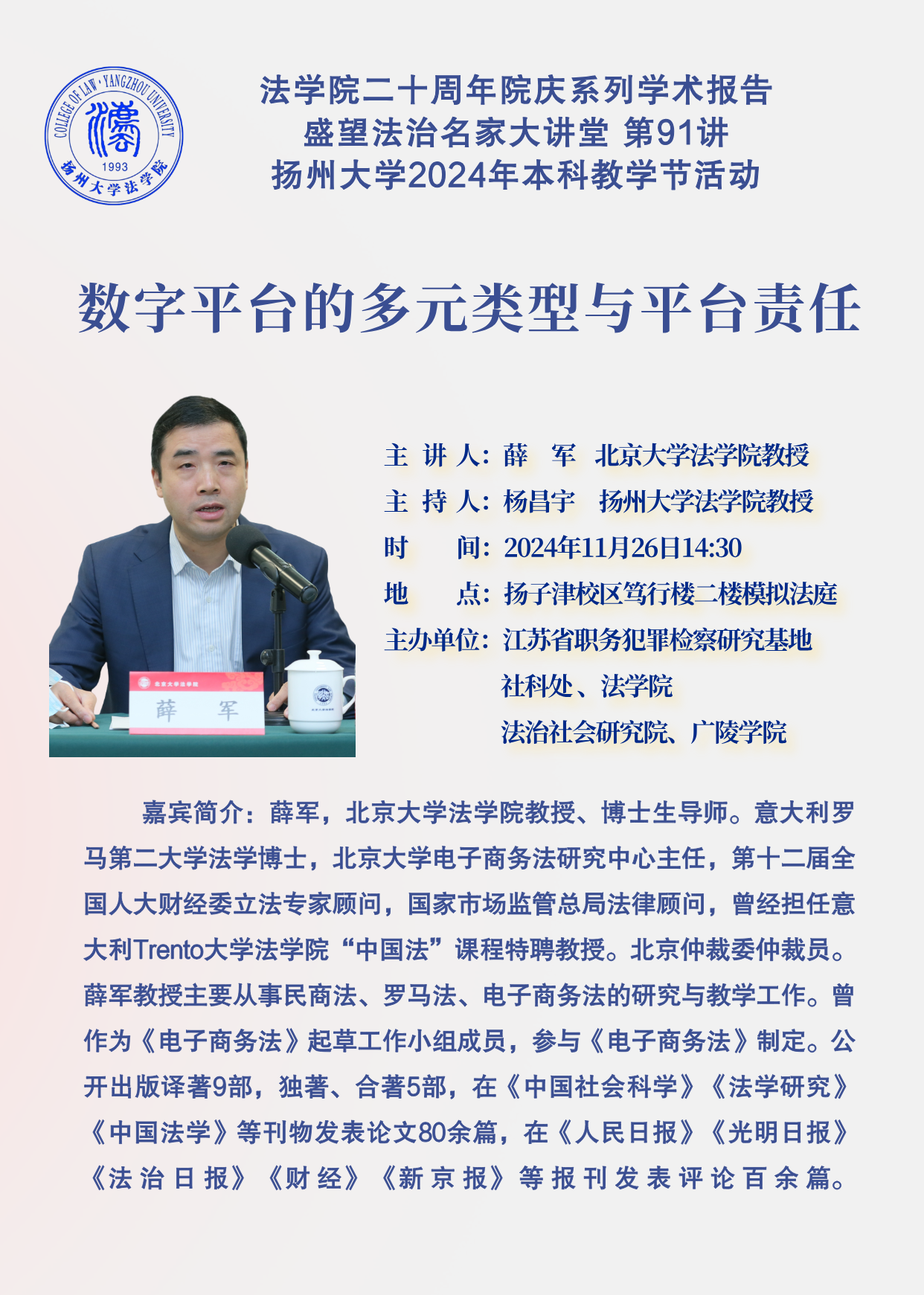 法学院二十周年院庆系列学术报告 盛望法治名家大讲堂第91讲 扬州大学2024年本科教学节活动
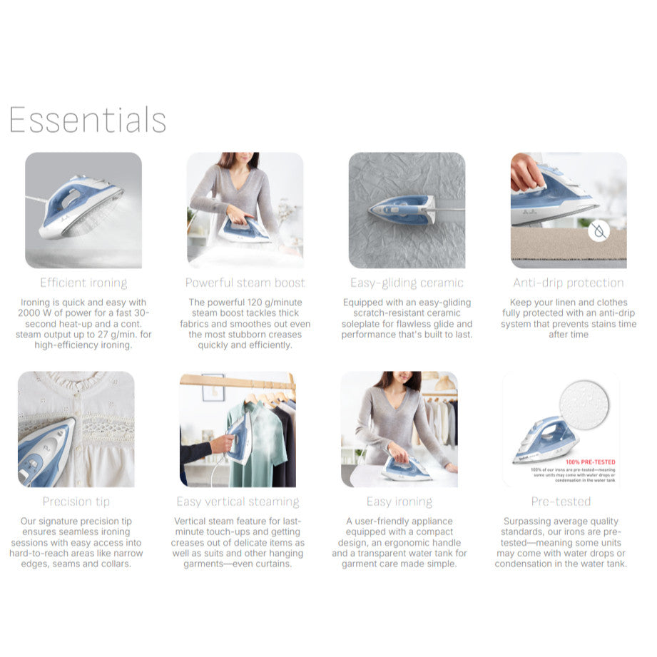 Tefal FV2C41 Steam Iron Virtuo 30 2000W, Calm Blue
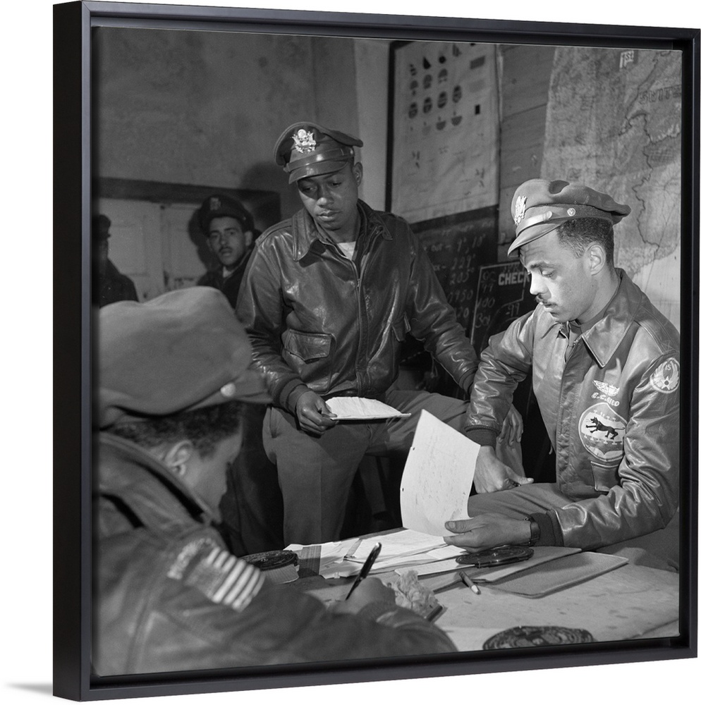 <p>Tuskegee Airmen Woodrow Crockett (standing) with Group Operations Officer Edward Gleed at Ramitelli Airfield in Italy. Photograph by Toni Frissell, March 1945.</p>

EXERCISE DETAILS:
Write out the data above precisely. Pictures stay out.

EXERCISE RESULT:
 法学院二十周年院庆系列学术报告 盛望法治名家大讲堂第91讲 扬州大学2024年本科教学节活动
 Tefal FV2C41 Steam Iron Virtuo 30 2000W, Calm Blue
 <p>Tuskegee Airmen Woodrow Crockett (standing) with Group Operations Officer Edward Gleed at Ramitelli Airfield in Italy. Photograph by Toni Frissell, March 1945.</p>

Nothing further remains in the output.